_Work item_: Write out the records beneath this line exactly as they appear, minus any images.

_Given data_:

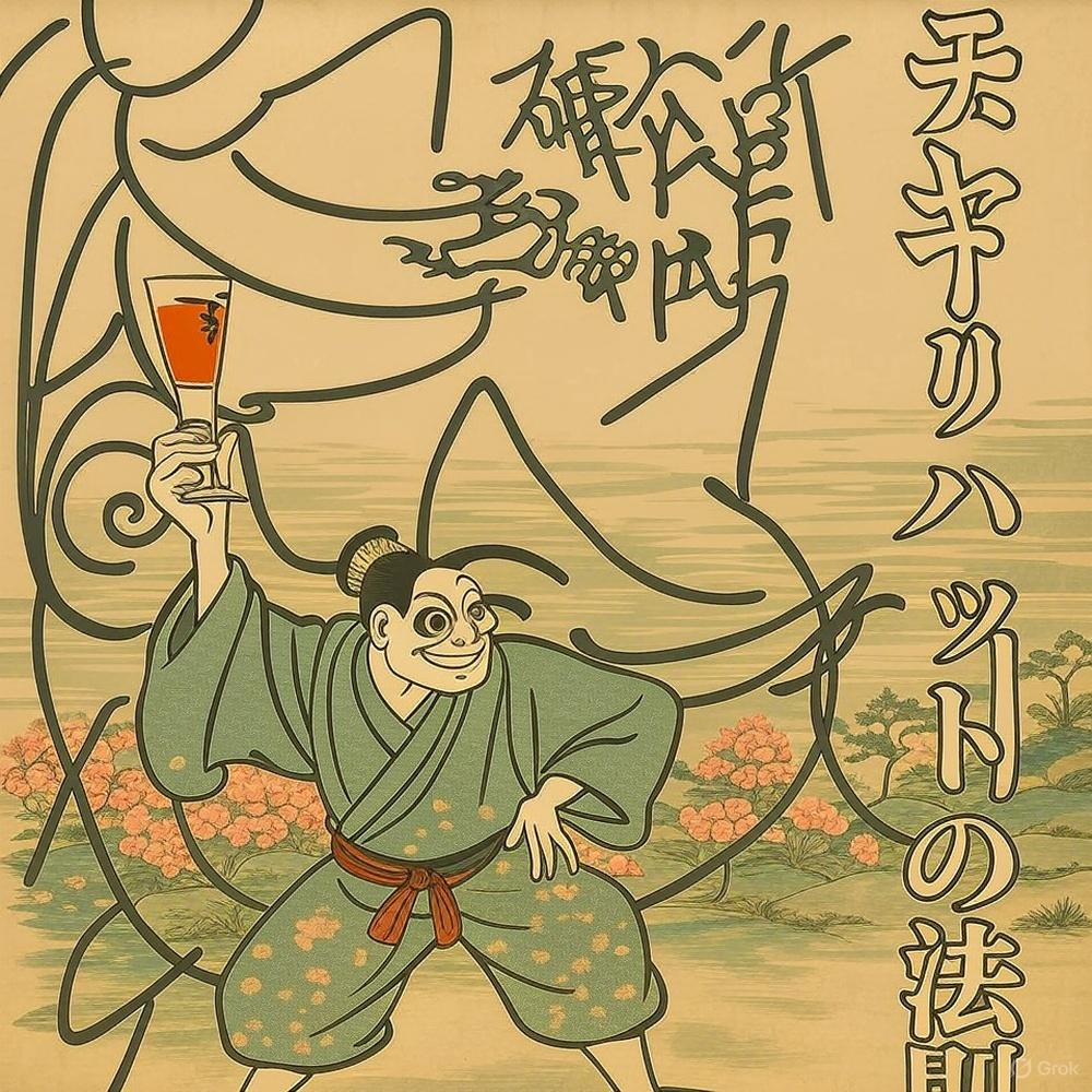 脳内が弾けて発想を飛躍させる液体が大好きな終劇社の研究者、ニヤリノ・ニャット氏は浮世絵を好み、世界を常に一変させ得る代物を開発する。例えば、今回は楽画機を使ってダンスし、聴者の心を掴みお祭り騒ぎにゃ
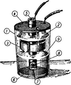 Рис. 3. Гальванический элемент и его части: 1 – стеклянный сосуд; 2 – электролит; 3 – угольный электрод; 4 – цинковый электрод; 5 – агломерат; 6 – изоляционные прокладки; 7 – крышка; 8 и 9 – провода.
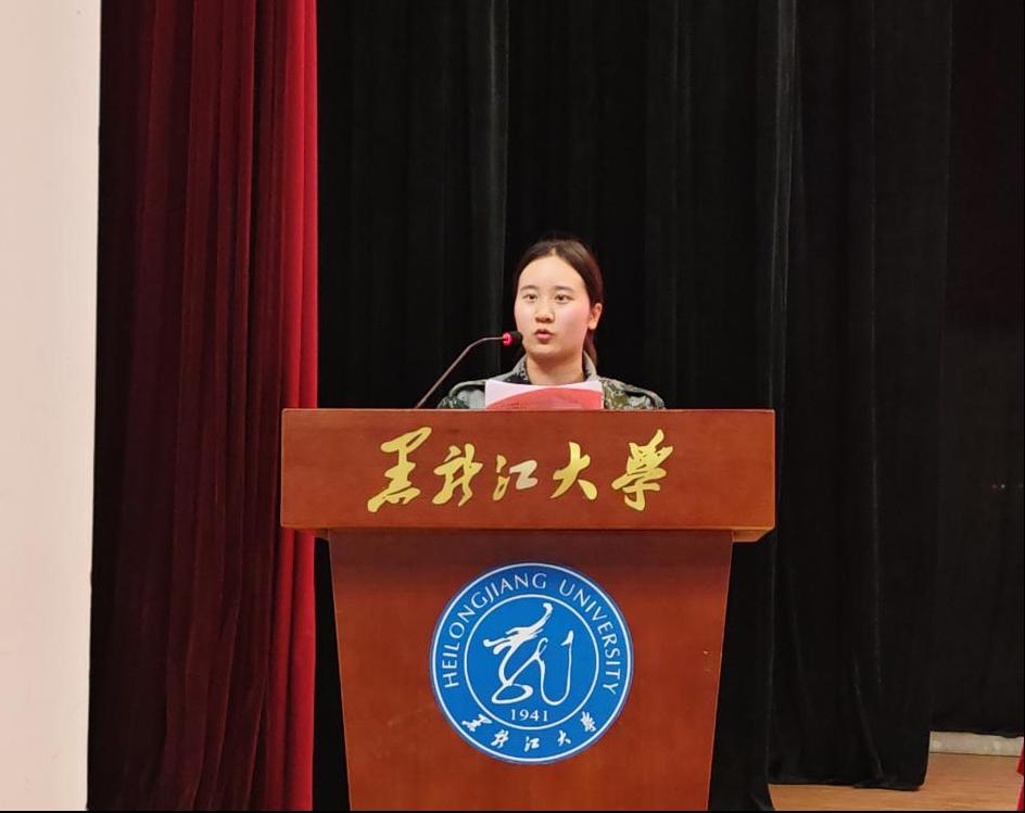 在校生代表2024级研究生曲桂竹同学发言时豪情万丈,他鼓励同学们要以学为本,筑牢根基;要勇于创新,追求卓越;要团结协作,共同进步;心怀梦想,砥砺前行。同时希望同学们传承黑大精神,续写黑大故事,努力成为志存高远、爱国奉献、艰苦奋斗、自强不息的黑大学子。
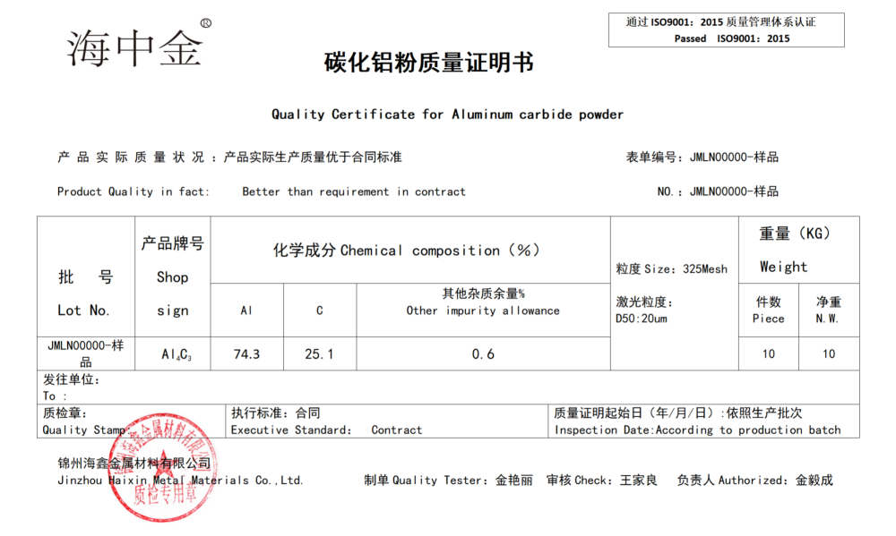 產(chǎn)品展示 當(dāng)前位置:首頁產(chǎn)品展示—碳化鋁 Aluminium carbide(Al4C3)
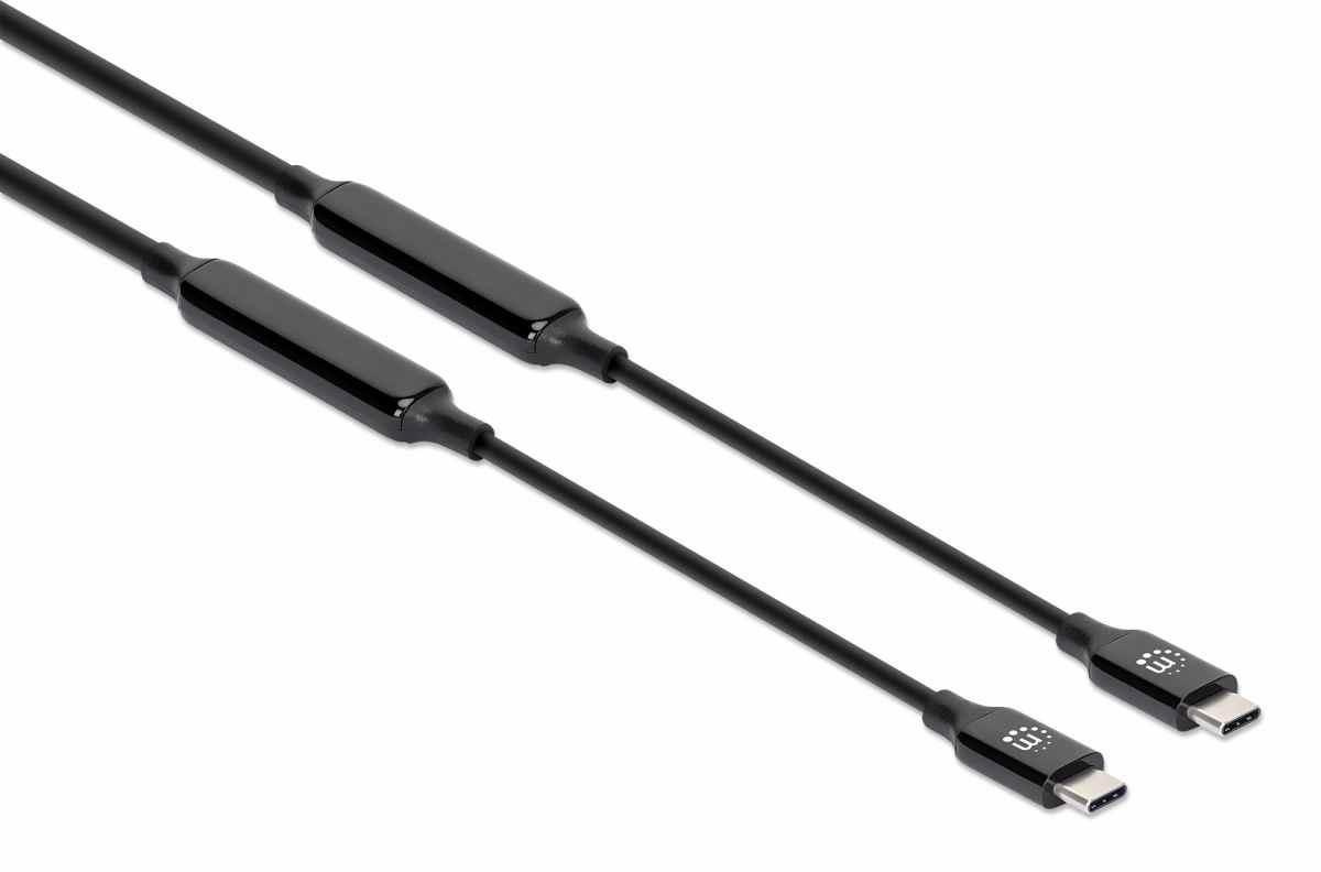 MANHATTAN Kabel USB-C Male to Male, USB 3.2 Gen 2 Type-C Active Device Cable, 5m, pozlacené koncovky, černá
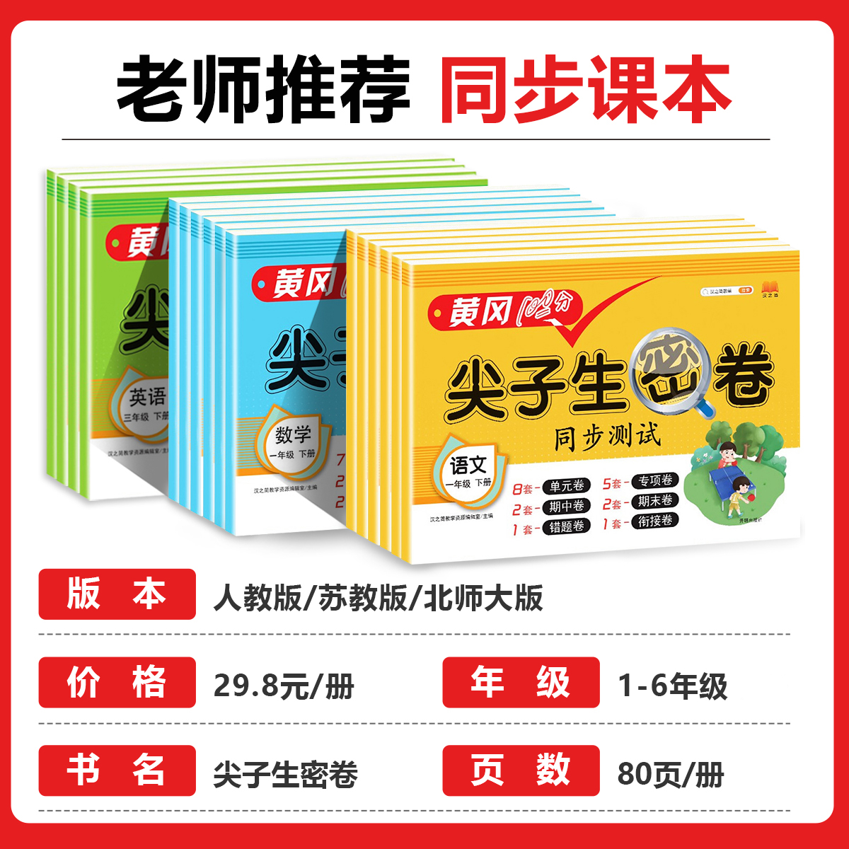 黄冈100分尖子生密卷小学生一二三四五六年级上册下册试卷测试卷全套人教版 测试卷期中期末冲刺卷教材同步练习册 语文数学英语单元
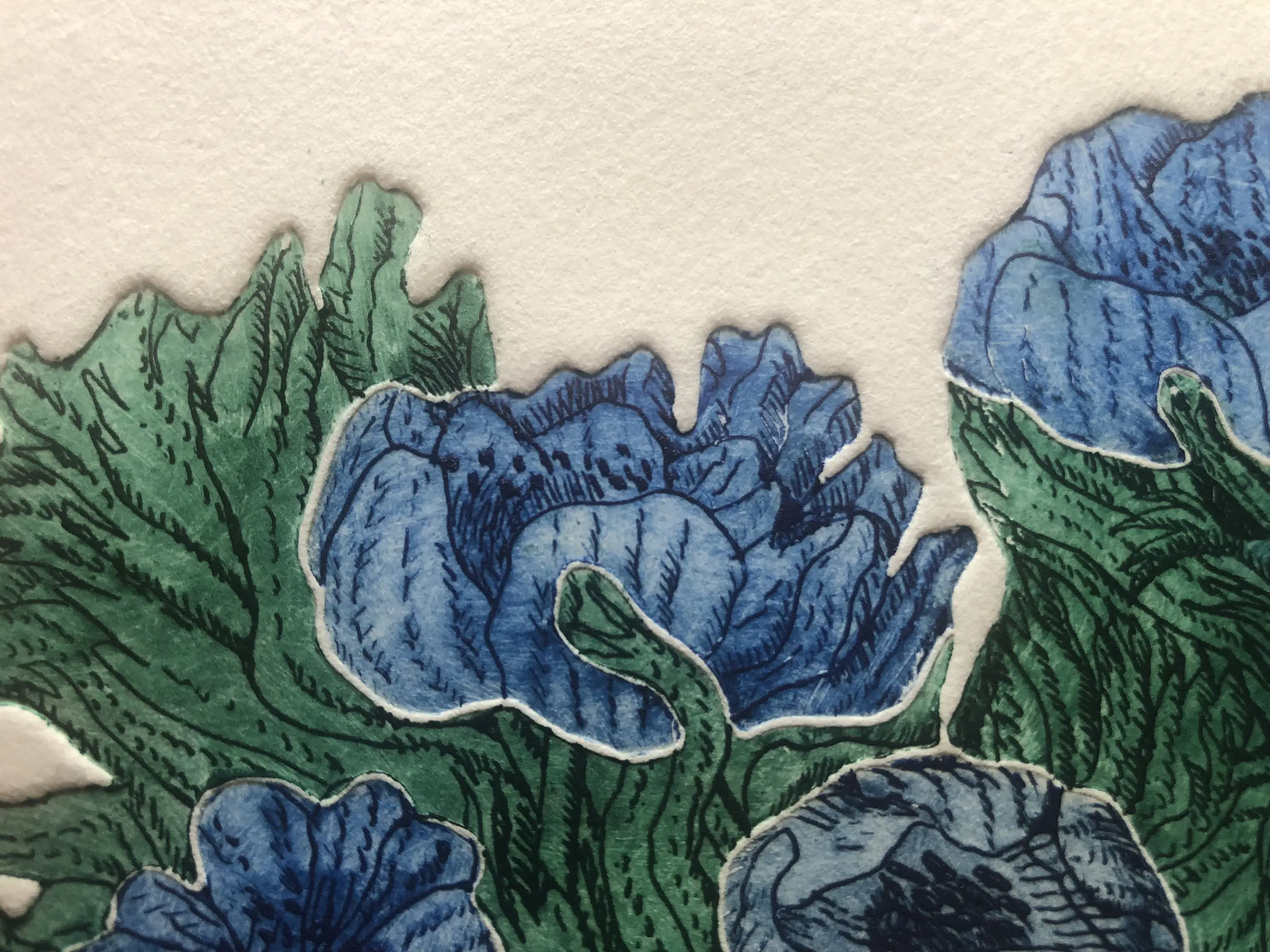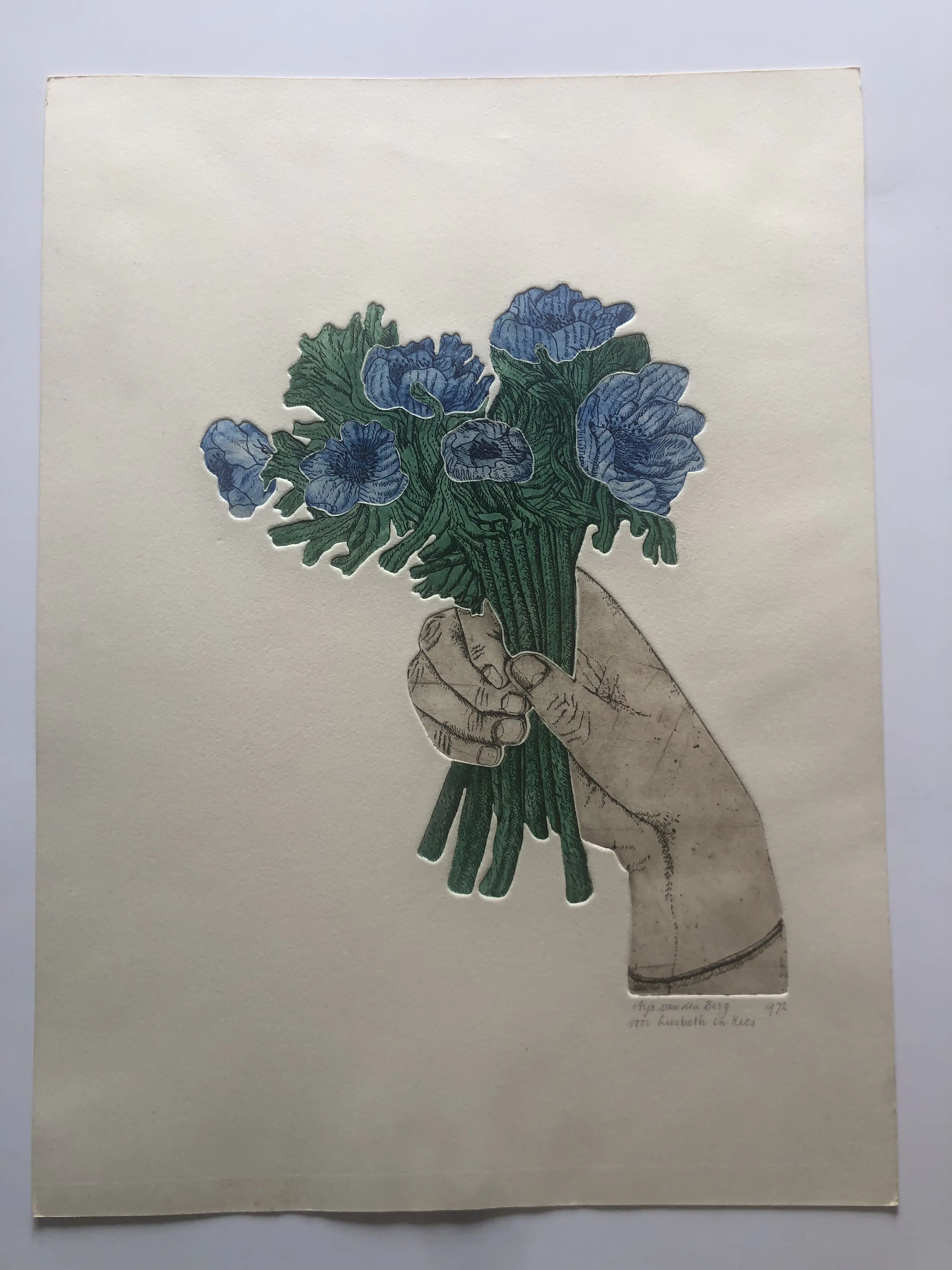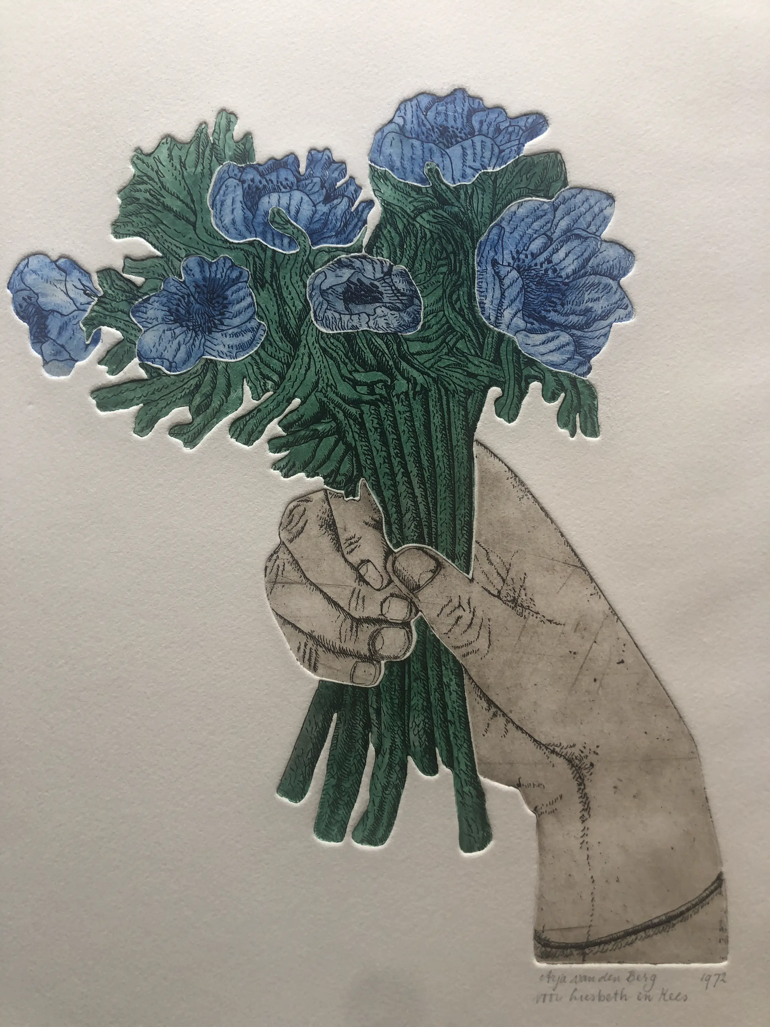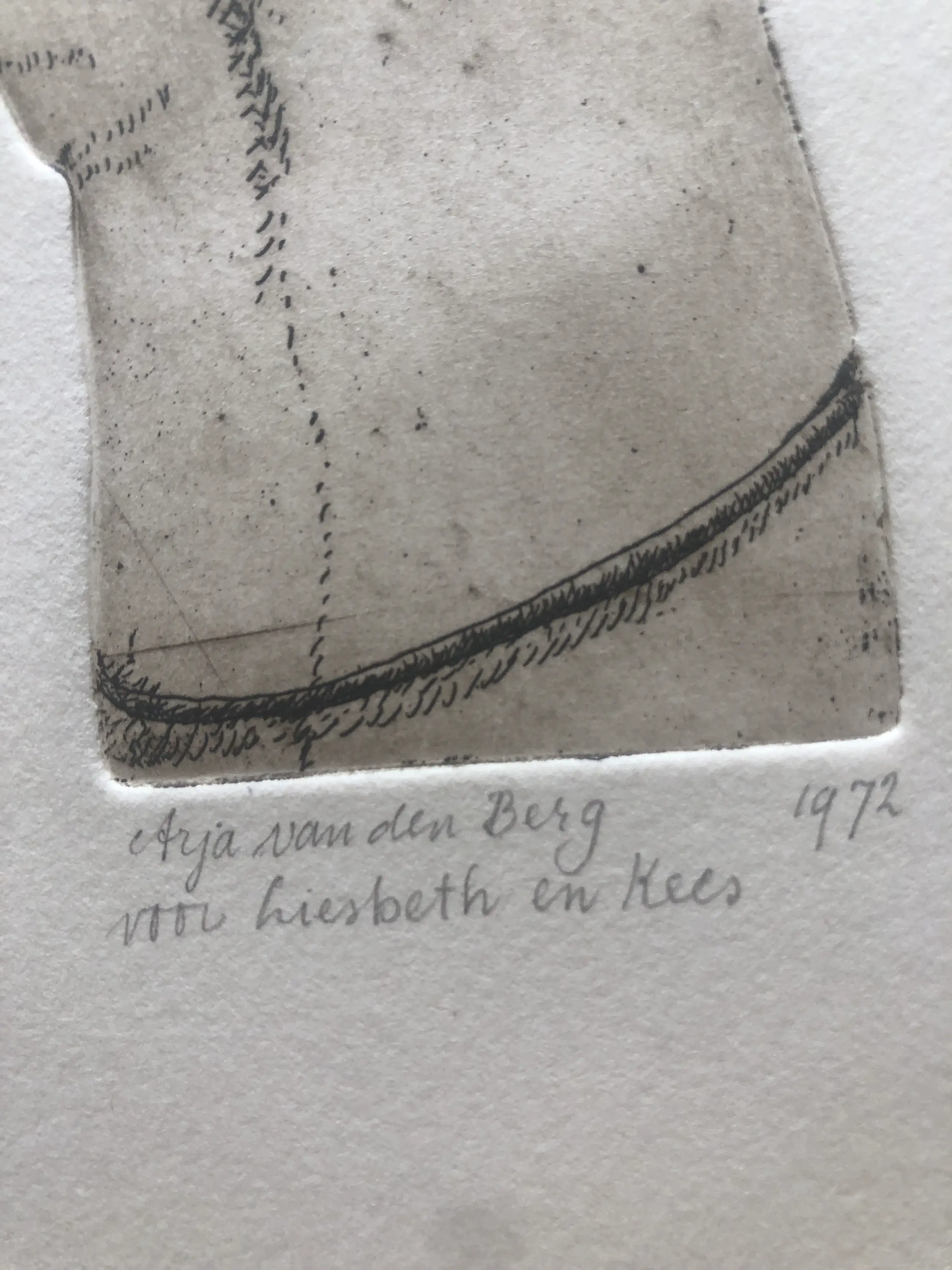 Ets, waarschijnlijk met de hand ingekleurd. Annotatie in potlood (voor Liesbeth en Kees) Uit te gummen als men het stoort.

_Written solution_:
 脳内が弾けて発想を飛躍させる液体が大好きな終劇社の研究者、ニヤリノ・ニャット氏は浮世絵を好み、世界を常に一変させ得る代物を開発する。例えば、今回は楽画機を使ってダンスし、聴者の心を掴みお祭り騒ぎにゃ
 Рис. 3. Гальванический элемент и его части: 1 – стеклянный сосуд; 2 – электролит; 3 – угольный электрод; 4 – цинковый электрод; 5 – агломерат; 6 – изоляционные прокладки; 7 – крышка; 8 и 9 – провода.
 在校生代表2024级研究生曲桂竹同学发言时豪情万丈,他鼓励同学们要以学为本,筑牢根基;要勇于创新,追求卓越;要团结协作,共同进步;心怀梦想,砥砺前行。同时希望同学们传承黑大精神,续写黑大故事,努力成为志存高远、爱国奉献、艰苦奋斗、自强不息的黑大学子。
 產(chǎn)品展示 當(dāng)前位置:首頁產(chǎn)品展示—碳化鋁 Aluminium carbide(Al4C3)
 MANHATTAN Kabel USB-C Male to Male, USB 3.2 Gen 2 Type-C Active Device Cable, 5m, pozlacené koncovky, černá
 黄冈100分尖子生密卷小学生一二三四五六年级上册下册试卷测试卷全套人教版 测试卷期中期末冲刺卷教材同步练习册 语文数学英语单元
 Ets, waarschijnlijk met de hand ingekleurd. Annotatie in potlood (voor Liesbeth en Kees) Uit te gummen als men het stoort.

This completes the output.